The decoding module is a layer of unidirectional long-term and short-term memory network and is added with a prediction module, and the prediction is carried out through semantic association characteristics obtained by a semantic mining module; the method comprises the following steps:
long-short term memory network module: decoding the hidden state of the last cell through the long-short term memory network, and calculating the current cell state according to the last output word vector;
a prediction module: predicting the current output according to the current unit state, and displaying the predicted sign language recognition result to the user in the form of text information, wherein the predicted sign language recognition result comprises a full connection layer and a normalized exponential function (softmax), and the formula is expressed as follows:
wherein exp function is an exponential function, W is a weight coefficient, p (y)t|zt) And the corresponding text is the output result when the value is maximum.

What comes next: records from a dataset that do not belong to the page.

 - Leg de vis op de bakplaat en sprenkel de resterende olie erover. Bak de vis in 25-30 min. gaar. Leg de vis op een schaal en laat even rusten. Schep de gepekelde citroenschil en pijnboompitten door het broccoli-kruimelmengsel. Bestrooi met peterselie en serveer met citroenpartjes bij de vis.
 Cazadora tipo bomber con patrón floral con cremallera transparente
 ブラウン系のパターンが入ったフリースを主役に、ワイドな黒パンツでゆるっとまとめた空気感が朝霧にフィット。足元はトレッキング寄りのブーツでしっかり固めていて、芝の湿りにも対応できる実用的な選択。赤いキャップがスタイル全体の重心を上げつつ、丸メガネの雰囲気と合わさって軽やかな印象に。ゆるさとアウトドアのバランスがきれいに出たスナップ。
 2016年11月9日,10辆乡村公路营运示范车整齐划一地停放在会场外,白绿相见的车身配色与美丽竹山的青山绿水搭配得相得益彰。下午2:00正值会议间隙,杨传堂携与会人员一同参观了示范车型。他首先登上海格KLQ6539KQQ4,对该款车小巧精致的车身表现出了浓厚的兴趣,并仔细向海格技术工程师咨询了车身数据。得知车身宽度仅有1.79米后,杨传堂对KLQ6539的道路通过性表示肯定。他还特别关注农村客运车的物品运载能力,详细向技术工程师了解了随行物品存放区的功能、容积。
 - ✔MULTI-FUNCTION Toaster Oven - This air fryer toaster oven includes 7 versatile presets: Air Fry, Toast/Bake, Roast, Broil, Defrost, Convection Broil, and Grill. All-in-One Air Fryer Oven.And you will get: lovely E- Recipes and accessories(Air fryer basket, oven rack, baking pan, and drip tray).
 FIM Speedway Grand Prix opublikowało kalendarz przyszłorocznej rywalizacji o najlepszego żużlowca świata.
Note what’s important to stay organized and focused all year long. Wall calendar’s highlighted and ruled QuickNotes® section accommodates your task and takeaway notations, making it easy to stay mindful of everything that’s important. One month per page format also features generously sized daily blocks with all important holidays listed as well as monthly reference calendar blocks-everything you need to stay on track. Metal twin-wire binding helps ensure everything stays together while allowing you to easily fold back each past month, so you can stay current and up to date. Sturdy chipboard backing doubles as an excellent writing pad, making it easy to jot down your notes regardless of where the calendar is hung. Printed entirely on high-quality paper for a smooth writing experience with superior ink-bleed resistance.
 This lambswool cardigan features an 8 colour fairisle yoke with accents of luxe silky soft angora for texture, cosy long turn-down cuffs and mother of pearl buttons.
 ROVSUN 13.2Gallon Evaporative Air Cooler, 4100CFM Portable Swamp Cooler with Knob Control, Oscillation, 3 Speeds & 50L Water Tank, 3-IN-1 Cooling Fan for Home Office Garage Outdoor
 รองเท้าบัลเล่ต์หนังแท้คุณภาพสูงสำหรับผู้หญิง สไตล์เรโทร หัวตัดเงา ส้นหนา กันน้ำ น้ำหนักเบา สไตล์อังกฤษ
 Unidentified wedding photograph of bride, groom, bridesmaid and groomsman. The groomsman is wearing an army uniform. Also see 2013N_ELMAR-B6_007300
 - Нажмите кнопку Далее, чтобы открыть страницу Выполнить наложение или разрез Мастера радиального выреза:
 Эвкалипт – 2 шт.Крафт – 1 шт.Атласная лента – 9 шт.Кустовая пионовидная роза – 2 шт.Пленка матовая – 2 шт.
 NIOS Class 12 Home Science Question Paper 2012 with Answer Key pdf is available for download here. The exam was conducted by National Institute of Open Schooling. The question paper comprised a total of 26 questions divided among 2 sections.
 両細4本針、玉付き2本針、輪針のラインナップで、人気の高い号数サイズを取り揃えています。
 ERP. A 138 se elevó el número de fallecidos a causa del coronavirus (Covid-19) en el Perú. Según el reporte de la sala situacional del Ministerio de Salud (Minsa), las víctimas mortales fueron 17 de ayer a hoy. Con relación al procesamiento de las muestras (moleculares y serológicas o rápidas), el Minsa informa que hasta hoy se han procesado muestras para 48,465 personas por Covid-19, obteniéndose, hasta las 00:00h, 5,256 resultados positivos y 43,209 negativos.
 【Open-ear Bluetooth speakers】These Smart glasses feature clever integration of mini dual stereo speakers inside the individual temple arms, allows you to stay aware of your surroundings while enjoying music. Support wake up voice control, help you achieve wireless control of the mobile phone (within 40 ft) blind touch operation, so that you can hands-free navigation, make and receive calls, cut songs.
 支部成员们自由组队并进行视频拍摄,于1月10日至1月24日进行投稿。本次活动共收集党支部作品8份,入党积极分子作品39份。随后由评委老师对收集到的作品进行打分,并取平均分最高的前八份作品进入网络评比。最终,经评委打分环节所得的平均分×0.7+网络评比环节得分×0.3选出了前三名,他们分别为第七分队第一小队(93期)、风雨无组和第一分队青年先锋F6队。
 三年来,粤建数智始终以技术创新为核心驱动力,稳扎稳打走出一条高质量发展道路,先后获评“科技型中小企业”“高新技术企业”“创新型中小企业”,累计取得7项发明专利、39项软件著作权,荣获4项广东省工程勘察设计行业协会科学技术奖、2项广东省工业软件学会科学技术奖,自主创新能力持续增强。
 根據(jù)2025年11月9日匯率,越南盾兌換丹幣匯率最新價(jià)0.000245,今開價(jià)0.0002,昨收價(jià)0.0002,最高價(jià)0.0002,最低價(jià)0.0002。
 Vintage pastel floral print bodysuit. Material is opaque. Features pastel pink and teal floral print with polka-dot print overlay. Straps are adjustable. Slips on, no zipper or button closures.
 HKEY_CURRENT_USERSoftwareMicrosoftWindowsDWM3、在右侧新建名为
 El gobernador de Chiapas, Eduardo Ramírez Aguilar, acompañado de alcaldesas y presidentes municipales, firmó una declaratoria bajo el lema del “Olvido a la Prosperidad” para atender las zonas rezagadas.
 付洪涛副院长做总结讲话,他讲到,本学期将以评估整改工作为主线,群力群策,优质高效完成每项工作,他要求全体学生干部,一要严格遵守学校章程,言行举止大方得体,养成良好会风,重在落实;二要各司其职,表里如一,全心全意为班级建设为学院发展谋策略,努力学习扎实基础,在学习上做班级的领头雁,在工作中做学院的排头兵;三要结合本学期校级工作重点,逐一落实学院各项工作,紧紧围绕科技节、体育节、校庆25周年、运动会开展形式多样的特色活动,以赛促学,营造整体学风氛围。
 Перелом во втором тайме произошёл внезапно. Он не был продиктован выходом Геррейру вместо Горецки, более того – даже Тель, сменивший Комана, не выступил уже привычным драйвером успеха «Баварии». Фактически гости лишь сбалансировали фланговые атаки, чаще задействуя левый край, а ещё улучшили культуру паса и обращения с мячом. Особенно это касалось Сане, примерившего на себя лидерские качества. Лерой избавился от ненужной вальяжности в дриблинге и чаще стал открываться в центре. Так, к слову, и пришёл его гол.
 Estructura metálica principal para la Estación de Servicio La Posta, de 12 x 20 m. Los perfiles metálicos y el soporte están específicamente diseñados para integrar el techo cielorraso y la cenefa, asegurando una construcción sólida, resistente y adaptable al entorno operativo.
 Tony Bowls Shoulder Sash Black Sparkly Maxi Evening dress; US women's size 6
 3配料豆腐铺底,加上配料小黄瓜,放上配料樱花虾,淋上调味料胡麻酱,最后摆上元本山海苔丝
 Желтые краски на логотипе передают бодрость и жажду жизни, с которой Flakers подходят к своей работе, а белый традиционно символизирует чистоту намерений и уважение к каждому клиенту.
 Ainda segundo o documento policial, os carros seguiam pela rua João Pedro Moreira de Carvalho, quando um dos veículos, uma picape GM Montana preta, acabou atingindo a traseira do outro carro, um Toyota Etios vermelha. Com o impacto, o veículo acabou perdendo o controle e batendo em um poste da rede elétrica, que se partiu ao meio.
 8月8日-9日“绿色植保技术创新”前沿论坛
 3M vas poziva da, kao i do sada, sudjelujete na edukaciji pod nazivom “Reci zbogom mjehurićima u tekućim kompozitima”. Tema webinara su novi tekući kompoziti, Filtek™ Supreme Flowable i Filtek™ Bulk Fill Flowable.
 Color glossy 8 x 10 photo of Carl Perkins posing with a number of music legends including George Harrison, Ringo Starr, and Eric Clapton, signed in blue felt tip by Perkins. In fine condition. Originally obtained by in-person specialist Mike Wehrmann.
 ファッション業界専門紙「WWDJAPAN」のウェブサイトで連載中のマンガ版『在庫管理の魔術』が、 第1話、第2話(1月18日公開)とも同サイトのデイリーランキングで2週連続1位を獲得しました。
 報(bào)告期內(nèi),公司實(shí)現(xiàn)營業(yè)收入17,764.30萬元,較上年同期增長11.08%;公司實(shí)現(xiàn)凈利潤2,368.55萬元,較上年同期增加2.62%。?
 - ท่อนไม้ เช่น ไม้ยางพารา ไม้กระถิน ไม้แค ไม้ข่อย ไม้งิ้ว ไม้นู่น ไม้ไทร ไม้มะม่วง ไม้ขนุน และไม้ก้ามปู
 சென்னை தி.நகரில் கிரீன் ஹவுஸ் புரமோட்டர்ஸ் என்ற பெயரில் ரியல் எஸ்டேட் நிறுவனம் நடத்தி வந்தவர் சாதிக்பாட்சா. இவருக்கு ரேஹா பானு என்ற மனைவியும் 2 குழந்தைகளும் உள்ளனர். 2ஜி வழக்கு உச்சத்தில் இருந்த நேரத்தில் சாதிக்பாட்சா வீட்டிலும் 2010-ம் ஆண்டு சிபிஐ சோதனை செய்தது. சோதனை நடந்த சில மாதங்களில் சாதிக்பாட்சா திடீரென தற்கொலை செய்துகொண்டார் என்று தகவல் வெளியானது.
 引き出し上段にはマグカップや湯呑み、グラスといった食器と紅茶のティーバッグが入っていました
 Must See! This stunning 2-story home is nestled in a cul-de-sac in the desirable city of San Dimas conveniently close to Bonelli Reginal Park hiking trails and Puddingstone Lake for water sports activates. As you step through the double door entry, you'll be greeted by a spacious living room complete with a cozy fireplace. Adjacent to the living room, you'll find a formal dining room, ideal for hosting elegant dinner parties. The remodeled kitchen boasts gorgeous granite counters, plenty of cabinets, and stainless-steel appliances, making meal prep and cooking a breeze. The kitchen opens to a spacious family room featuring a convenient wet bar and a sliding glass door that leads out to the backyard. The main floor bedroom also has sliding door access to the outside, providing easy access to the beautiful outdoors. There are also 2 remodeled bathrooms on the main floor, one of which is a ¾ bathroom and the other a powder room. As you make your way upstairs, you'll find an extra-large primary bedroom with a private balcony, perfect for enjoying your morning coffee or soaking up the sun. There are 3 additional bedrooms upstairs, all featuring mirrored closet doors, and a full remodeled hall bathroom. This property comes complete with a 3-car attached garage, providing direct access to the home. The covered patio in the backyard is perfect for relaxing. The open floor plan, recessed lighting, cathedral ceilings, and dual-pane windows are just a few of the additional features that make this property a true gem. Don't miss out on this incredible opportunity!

The invention relates to a sign language identification method based on space-time semantic features, which comprises the following steps:
1) acquiring sign language video data;
2) performing center cutting on each frame image of the sign language video data, and adjusting the size of a video frame to be a uniform size;
3) normalizing each frame of image by sign language video data with uniform size;
4) performing frame division on the normalized video data, and dividing a video sequence into a series of video clips (clips) with the size of 16 and the step length of 8;
5) extracting a series of video clips (clips) by a space-time feature module to obtain a space-time feature vector with the size of 4096 dimensions;
6) performing semantic mining on the obtained 4096-dimensional space-time feature vector to obtain semantic association features among video clips (clips);
7) and according to the semantic association characteristics, sign language prediction is carried out through a decoding module, and corresponding text information is output to a user.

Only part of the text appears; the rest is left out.